Msza papieska z okazji kanonizacji Piotra Fabera

(fot. J.Salmoral / Foter.com / CC BY-NC-ND)
KAI / mh

W piątek 3 stycznia - liturgiczne święto Najświętszego Imienia Jezus, będące "tytułem" Towarzystwa Jezusowego - Franciszek odprawi Mszę św. w rzymskim kościele Il Gesù. Zapowiedział to w rozmowie z dziennikarzami 18 grudnia dyrektor Biura Prasowego Stolicy Apostolskiej ks. Federico Lombardi SJ. Liturgia ta będzie miała charakter dziękczynny za wpisanie wczoraj do katalogu świętych błogosławionego Piotra Favre’a (Fabera), jezuity, pierwszego towarzysza św. Ignacego Loyoli - oświadczył rzecznik watykański. Dodał, że Msza św. w rzymskim kościele jezuickim, do którego papież przybędzie już po raz trzeci, rozpocznie się o godz. 9 rano. Wraz z nim koncelebrować ją będą inni jezuici, obecni w tym czasie w Rzymie.

Według ks. Lombardiego, po oficjalnym uznaniu błogosławionego jezuity za świętego na mocy tzw. kanonizacji równoważnej, która rozciąga jego kult na cały Kościół, Ojciec Święty zadzwonił do przełożonego generalnego Towarzystwa Jezusowego o. Adolfo Nicolasa i powiedział mu: "Stałem się pierwszym, który przez swój podpis modlił się do nowego świętego".
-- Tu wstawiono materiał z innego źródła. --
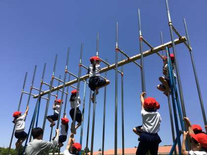 火傷をしないように降り方の確認を再度してから、登り棒の登り下りをしました。登り棒に30秒間しがみつく「30秒チャレンジ」では、自分が登ることができる高さまで登り、ぎゅっと登り棒をつかんで頑張りました。
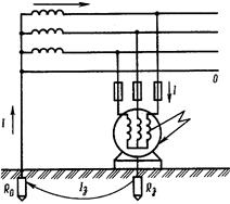 Напруга на корпусі буде максимальною при струмі короткого замикання Iк.з Uн.мах = Iк.з × Zп Ця напруга на корпусі не повинна перевищувати допустиму напругу дотику (42 В, а в особливо несприятливих умовах 12 В) Uн.мах = Uд.доп Uд.доп - допустима напруга дотику; Для зниження напруги корпусу необхідно зменшити опір нульового провідника (збільшити його січення або прокласти паралельно кілька провідників) або застосувати повторне заземлення нульового провідника. При наявності повторного заземлення нульового захисного провідника напруга відносно землі на корпусі обладнання: Uк = Iк.з × Zп ((Rп /(R0+ Rп) , де Rп - опір повторного заземлення, Ом R0 - опір нейтралі трансформатора, Ом.

Kanonizacja równoważna ma długie tradycje w Kościele katolickim. Jej podstawy doktrynalne wypracował w pierwszej połowie XVIII w. wybitny kanonista kard. Prospero Lambertini (późniejszy papież Benedykt XIV, 1740-58).

Według niego do ważności takiego obrzędu potrzebne są trzy elementy: dawność kultu danej osoby, stałe i powszechne potwierdzenie wiarygodnych świadectw o jej cnotach lub męczeństwie i nieprzerwana opinia o cudach dokonanych za jej wstawiennictwem. Jeśli wszystkie te wymogi są spełnione, papież mocą swej władzy może przeprowadzić kanonizację równoważną, to znaczy doprowadzić do rozciągnięcia na cały Kościół powszechny kultu tej osoby. Dokonuje się to "bez żadnej ostatecznej formuły, bez zezwalania na rozpoczęcie procesu prawnego i bez przeprowadzania zwyczajowych ceremonii". Formalnie następuje to przez odmówienie odpowiedniej modlitwy i odprawienie Mszy św. z wymieniem imienia nowego świętego i z modlitwą do niego.

DEON.PL POLECA

Benedykt XIV wymienił także znanych sobie do tego czasu 12 przypadków osób kanonizowanych w ten sposób. Są to święci: Romuald (w 1595), Norbert (1621), Brunon (1623), Piotr Nolasco (1655), Rajmund Nonnatus (1681), Stefan Węgierski (1686), Małgorzata Szkocka (1691), Jan z Mathy i Feliks Walezy (1694), Grzegorz VII (1728), Wacław Czeski (1729) i Gertruda z Helft (1738).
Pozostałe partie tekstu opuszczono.